For sinusoidal functions, consider a trial solution of the form $f(x) = m \cos \Omega x + n \sin \Omega x$ where $$\Omega$$ is chosen to match the multiple of $$x$$ in the original differential equation.

Exercise 28

Consider the trial solution

$y = m \cos 3t + n \sin 3t$

We have $$y' = 3n \cos 3t - 3m \sin 3t$$ and $$y'' = -9 m \cos 3t - 9n \sin 3t$$.

Substituting into the original inhomogeneous differential equation, we have

$(-9m \cos 3t - 9n \sin 3t) - (3n \cos3t - 3m\sin 3t) = \cos 3t + \sin 3t$

That is

$-(9m + 3n) \cos 3t + (3m -9n) \sin3t = \cos 3t + \sin 3t$

Equating coefficients of $$\cos 3t$$ and $$\sin 3t$$\$, we have the pair of simultaneous equations

$\begin{cases} -9m - 3n = 1 \\ 3m - 9n = 1 \end{cases}$

We can eliminate $$m$$ as

$\begin{cases} -30n = 4 \\ 3m - 9n = 1 \end{cases}$

Therefore $$n = \frac{-2}{15}$$ and $$m = \frac{1 - 9 \frac{2}{15}}{3} = \frac{-1}{15}$$. Thus the particular integral is

$y = -\frac{1}{15} \cos 3 t - \frac{2}{15} \sin 3 t$

## Method of Undetermined Coefficients

(See handbook)

Exercise 29
1. $f(x) = pe^{2x}$
2. $f(x) = p\cos4x + q\sin 4x$
Exercise 30
1. Following the hint, we know the roots of the auxiliary equation are a pair of complex conjugate roots, so the complementary function is

$y_c = e^{-x}(C \cos x + D \sin x)$ where $$C$$ and $$D$$ are arbitrary constants.

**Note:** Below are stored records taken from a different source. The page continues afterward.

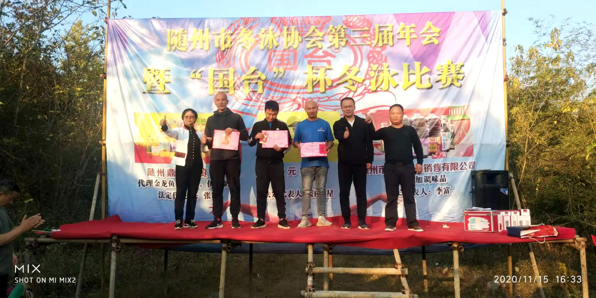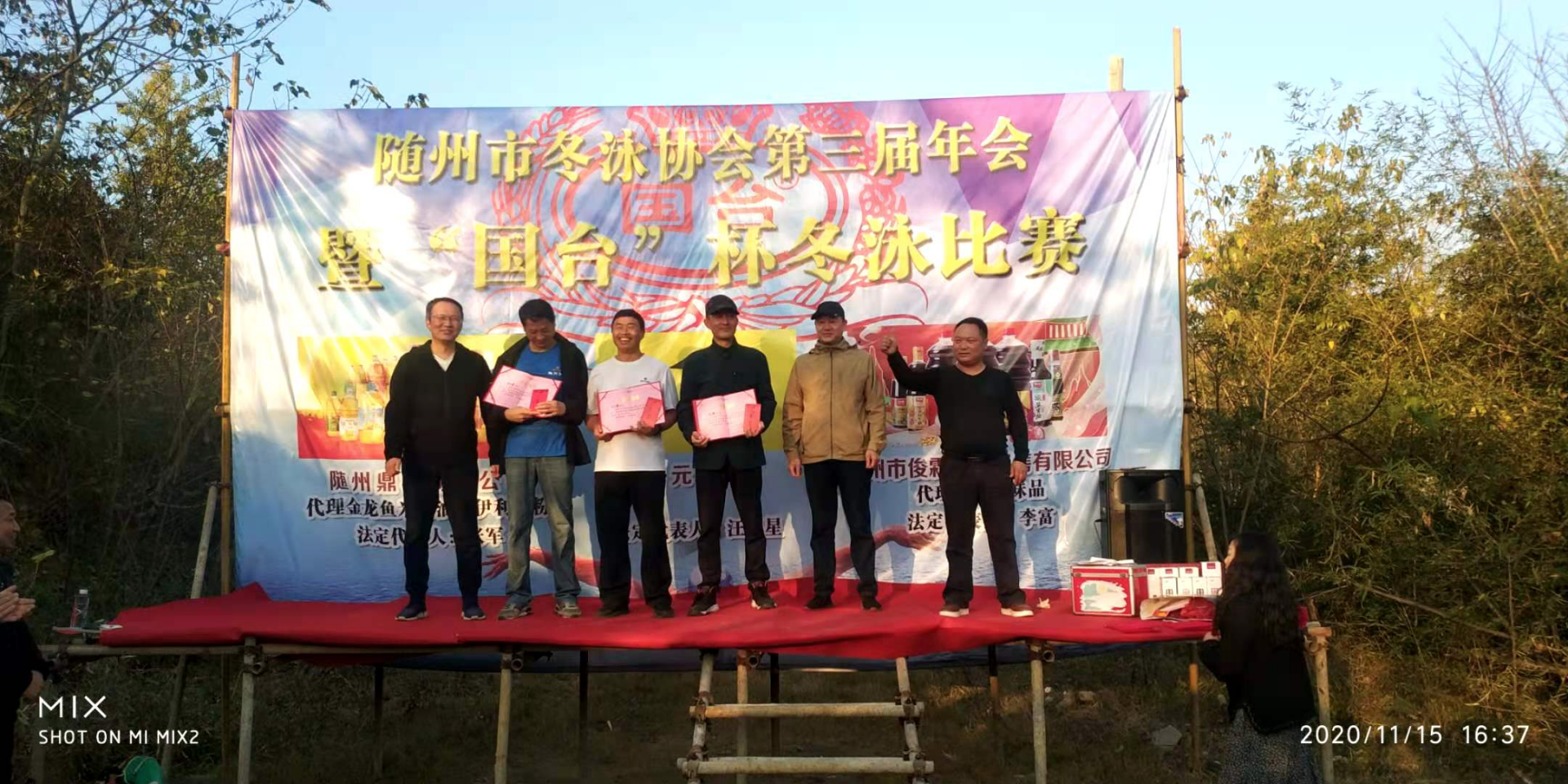 最后对参加这次冬泳各项比赛的一二三等奖颁奖。
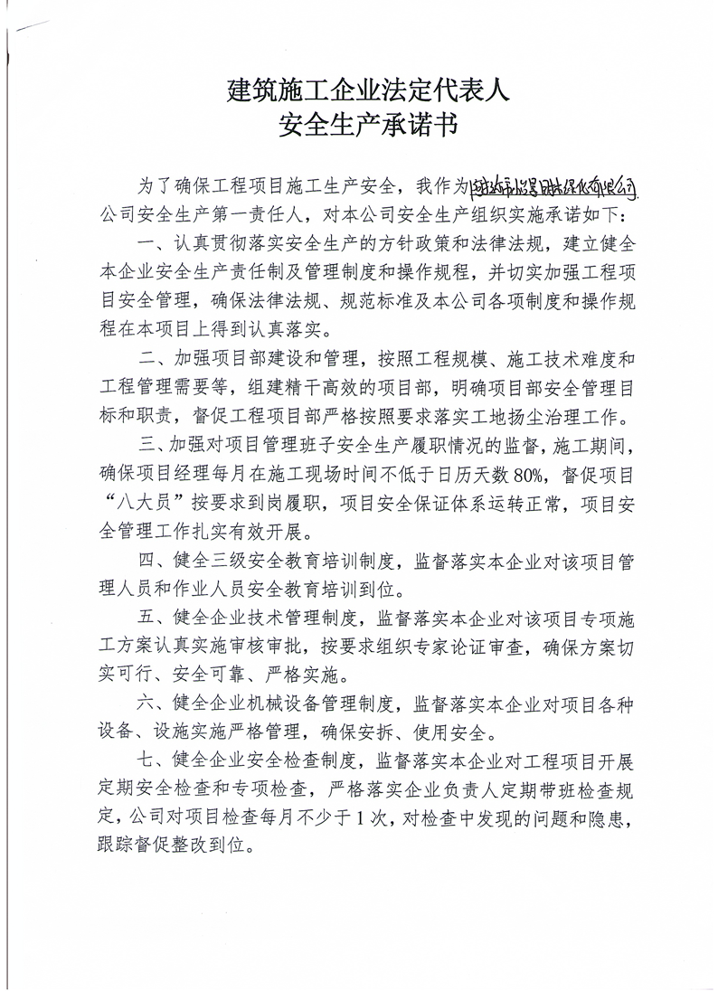 怡景園林安全生產承諾書
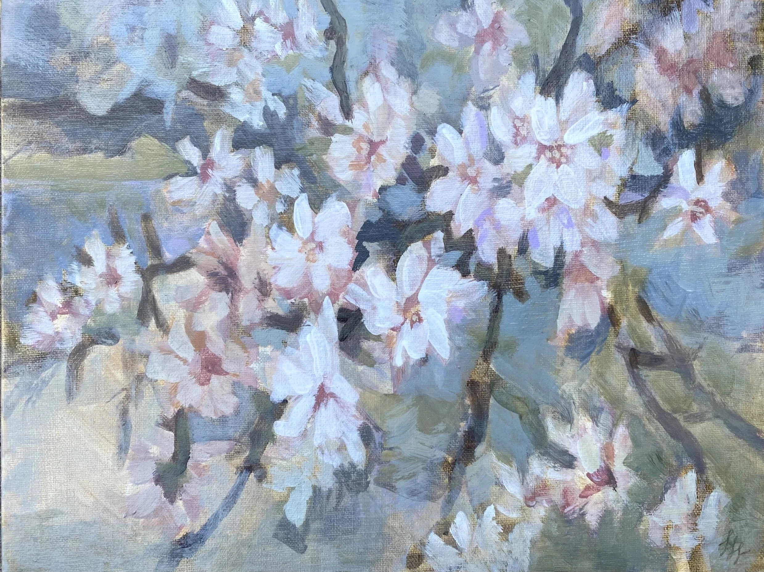 Almond Blossom Study, Acrylic on Linen, 2026.
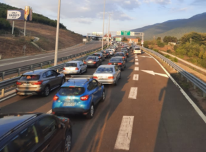 Aty shihet se është krijuar një kolonë e gjatë nga numri i madh i automjeteve që ia kanë mësyrë kosovarët të shijojnë pushimet verore në Shqipëri.

As the right-hand side of the inhomogeneous differential equation is a constant, the trial solution is $f(x) = p$

Therefore

$2p = 4$

Thus $$p = 2$$. The particular integral is $y_p = 2$

and so the general solution is

$y = e^{-x}(C \cos x + D \sin x) + 2$

2. Following the hint, we know the roots of the auxiliary equation are distinct real roots, so the complementary function is

$\theta_c = C + De^{-3t}$ where $$C$$ and $$D$$ are arbitrary constants.

To find the particular integral, we consider as a trial solution $f(t) = p \cos 2t + q \sin 2t$

The first- and second-derivatives are $f'(t) = 2q \cos 2t - 2p \sin 2t$ $f''(t) = -4p \cos 2t - 4q \sin 2t$

Substituting into the inhomogeneous differential equation, we have

$(-4p \cos 2t - 4q \sin 2t) + 3 (2q \cos 2t - 2p \sin 2t) = 13 \cos 2t$

That is

$\begin{array}{ll} 13 \cos 2t &= -4p \cos 2t - 4q \sin 2t + 6q \cos 2t - 6p \sin 2t = 13 \cos 2t \\ &= (6q - 4p) \cos 2t - (4q + 6p) \sin 2t \end{array}$

Comparing coefficients, we have the pair of simultaneous equations

$\begin{cases} -4p + 6q = 13 \\ -6p - 4q = 0 \end{cases}$

Substituting $$p = -\frac{2q}{3}$$, we have

$\begin{cases} \frac{8q}{3} + 6q = 13 \\ p = -\frac{2q}{3} \end{cases}$

Thus $$q = \frac{3}{2}$$ and $$p = -1$$

Therefore the general solution is

$\theta = C + De^{-3t} - \cos 2t + \frac{3}{2} \sin 2t$ where $$C$$ and $$D$$ are arbitrary constants.

Exercise 31

Setting $$R = S = Q = 1$$ yields the differential equation

$y'' - y + \frac{1}{2}(l - x) x = 0$

Rearranging this, we have the inhomogeneous differential equation

$y'' - y = \frac{1}{2}x^2 - \frac{l}{2}x$

The associated homogeneous equation is $y'' - y = 0$ The auxiliary equation for this is $\lambda^2 - 1 = 0$ which has solutions $\lambda_{1,2} = \pm 1$

As we have two distinct real roots, following Procedure 5 we have the complementary function

$y_c = Ce^{-x} + De^{x}$ where $$C$$ and $$D$$ are arbitrary constants.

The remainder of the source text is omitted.